• _What is required_
Output the listing below exactly, minus its images.

********

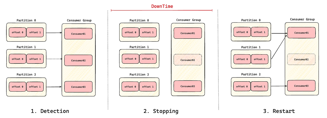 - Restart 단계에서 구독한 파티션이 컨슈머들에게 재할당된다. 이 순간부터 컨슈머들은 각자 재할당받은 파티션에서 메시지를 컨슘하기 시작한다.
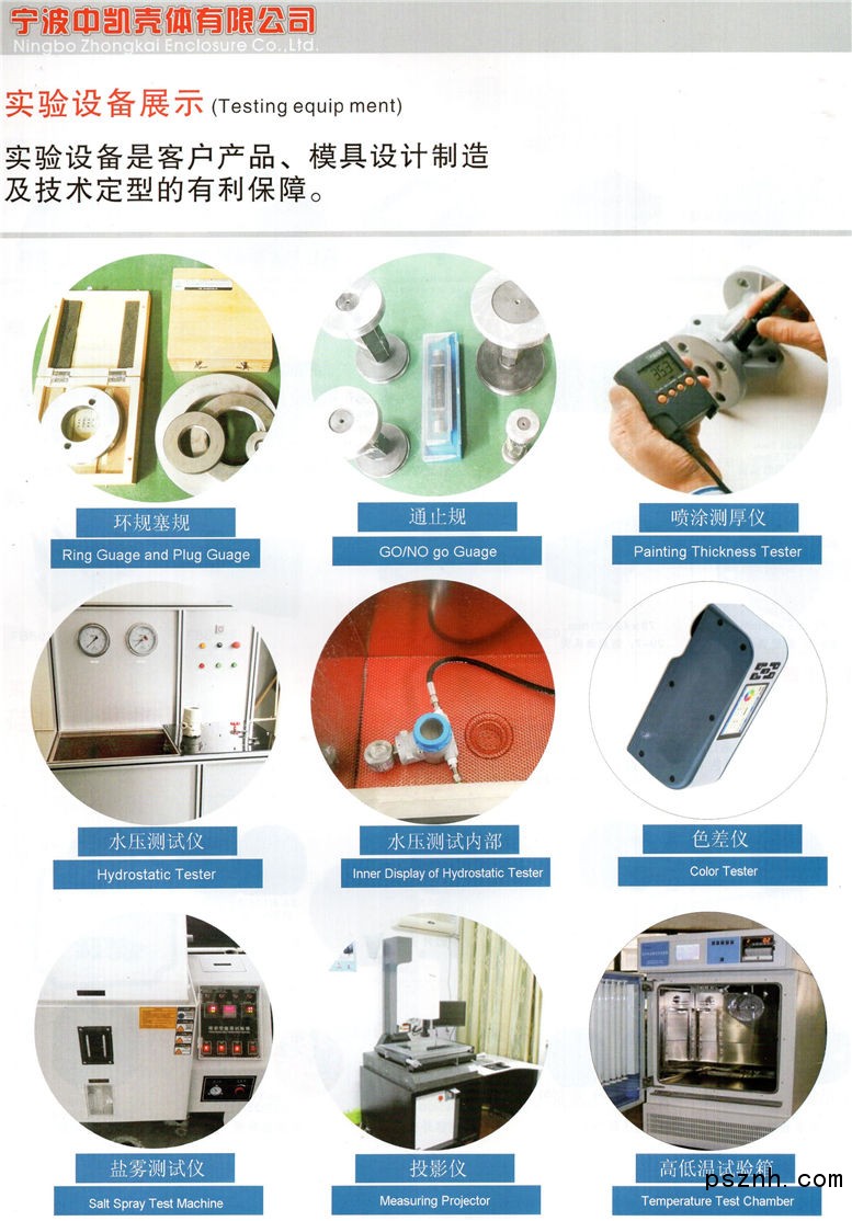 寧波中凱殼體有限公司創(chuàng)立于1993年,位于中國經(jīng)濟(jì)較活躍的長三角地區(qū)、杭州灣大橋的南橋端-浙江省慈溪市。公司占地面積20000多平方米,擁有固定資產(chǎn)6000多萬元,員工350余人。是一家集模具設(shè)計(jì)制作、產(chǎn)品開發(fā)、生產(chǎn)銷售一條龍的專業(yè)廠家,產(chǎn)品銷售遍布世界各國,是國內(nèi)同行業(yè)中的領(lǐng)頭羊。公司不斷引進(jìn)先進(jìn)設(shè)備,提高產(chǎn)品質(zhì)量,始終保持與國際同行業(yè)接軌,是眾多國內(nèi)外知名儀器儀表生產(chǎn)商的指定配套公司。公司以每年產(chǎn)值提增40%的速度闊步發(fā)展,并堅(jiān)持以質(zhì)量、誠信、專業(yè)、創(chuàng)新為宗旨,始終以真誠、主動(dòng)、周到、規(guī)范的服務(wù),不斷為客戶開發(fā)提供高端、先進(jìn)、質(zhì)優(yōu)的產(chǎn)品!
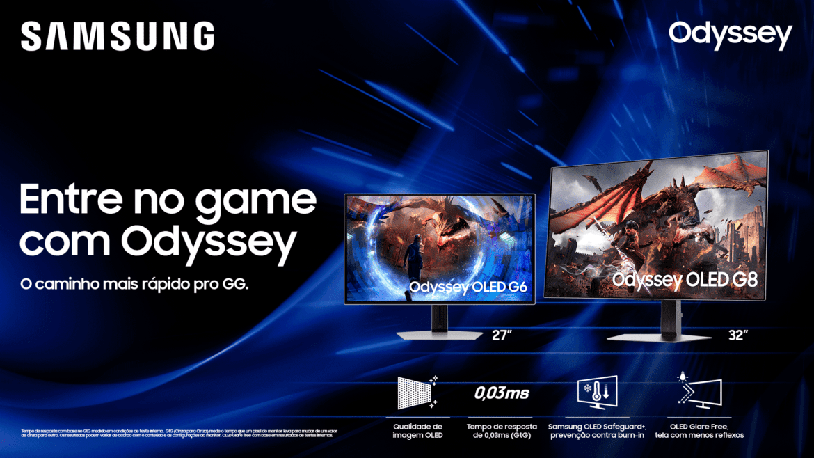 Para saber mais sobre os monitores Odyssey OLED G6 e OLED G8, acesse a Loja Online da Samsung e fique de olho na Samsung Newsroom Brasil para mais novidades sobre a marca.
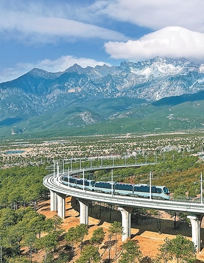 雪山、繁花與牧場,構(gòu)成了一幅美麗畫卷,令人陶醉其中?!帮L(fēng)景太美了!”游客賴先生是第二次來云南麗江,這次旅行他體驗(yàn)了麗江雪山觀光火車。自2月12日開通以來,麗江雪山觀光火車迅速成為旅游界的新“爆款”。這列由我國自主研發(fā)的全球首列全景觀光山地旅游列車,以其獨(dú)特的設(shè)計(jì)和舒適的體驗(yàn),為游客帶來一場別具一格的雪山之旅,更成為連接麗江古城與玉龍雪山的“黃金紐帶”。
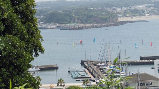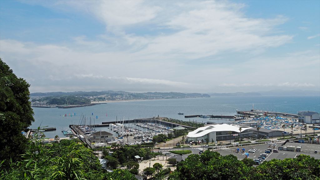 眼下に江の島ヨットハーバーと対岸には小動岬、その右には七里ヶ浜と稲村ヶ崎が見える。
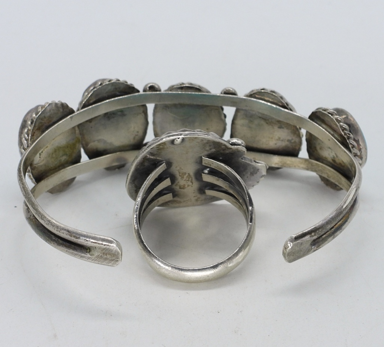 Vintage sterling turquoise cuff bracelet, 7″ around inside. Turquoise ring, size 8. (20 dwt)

********

• _Answer space_
 - Restart 단계에서 구독한 파티션이 컨슈머들에게 재할당된다. 이 순간부터 컨슈머들은 각자 재할당받은 파티션에서 메시지를 컨슘하기 시작한다.
 寧波中凱殼體有限公司創(chuàng)立于1993年,位于中國經(jīng)濟(jì)較活躍的長三角地區(qū)、杭州灣大橋的南橋端-浙江省慈溪市。公司占地面積20000多平方米,擁有固定資產(chǎn)6000多萬元,員工350余人。是一家集模具設(shè)計(jì)制作、產(chǎn)品開發(fā)、生產(chǎn)銷售一條龍的專業(yè)廠家,產(chǎn)品銷售遍布世界各國,是國內(nèi)同行業(yè)中的領(lǐng)頭羊。公司不斷引進(jìn)先進(jìn)設(shè)備,提高產(chǎn)品質(zhì)量,始終保持與國際同行業(yè)接軌,是眾多國內(nèi)外知名儀器儀表生產(chǎn)商的指定配套公司。公司以每年產(chǎn)值提增40%的速度闊步發(fā)展,并堅(jiān)持以質(zhì)量、誠信、專業(yè)、創(chuàng)新為宗旨,始終以真誠、主動(dòng)、周到、規(guī)范的服務(wù),不斷為客戶開發(fā)提供高端、先進(jìn)、質(zhì)優(yōu)的產(chǎn)品!
 Para saber mais sobre os monitores Odyssey OLED G6 e OLED G8, acesse a Loja Online da Samsung e fique de olho na Samsung Newsroom Brasil para mais novidades sobre a marca.
 雪山、繁花與牧場,構(gòu)成了一幅美麗畫卷,令人陶醉其中?!帮L(fēng)景太美了!”游客賴先生是第二次來云南麗江,這次旅行他體驗(yàn)了麗江雪山觀光火車。自2月12日開通以來,麗江雪山觀光火車迅速成為旅游界的新“爆款”。這列由我國自主研發(fā)的全球首列全景觀光山地旅游列車,以其獨(dú)特的設(shè)計(jì)和舒適的體驗(yàn),為游客帶來一場別具一格的雪山之旅,更成為連接麗江古城與玉龍雪山的“黃金紐帶”。
 眼下に江の島ヨットハーバーと対岸には小動岬、その右には七里ヶ浜と稲村ヶ崎が見える。
 Vintage sterling turquoise cuff bracelet, 7″ around inside. Turquoise ring, size 8. (20 dwt)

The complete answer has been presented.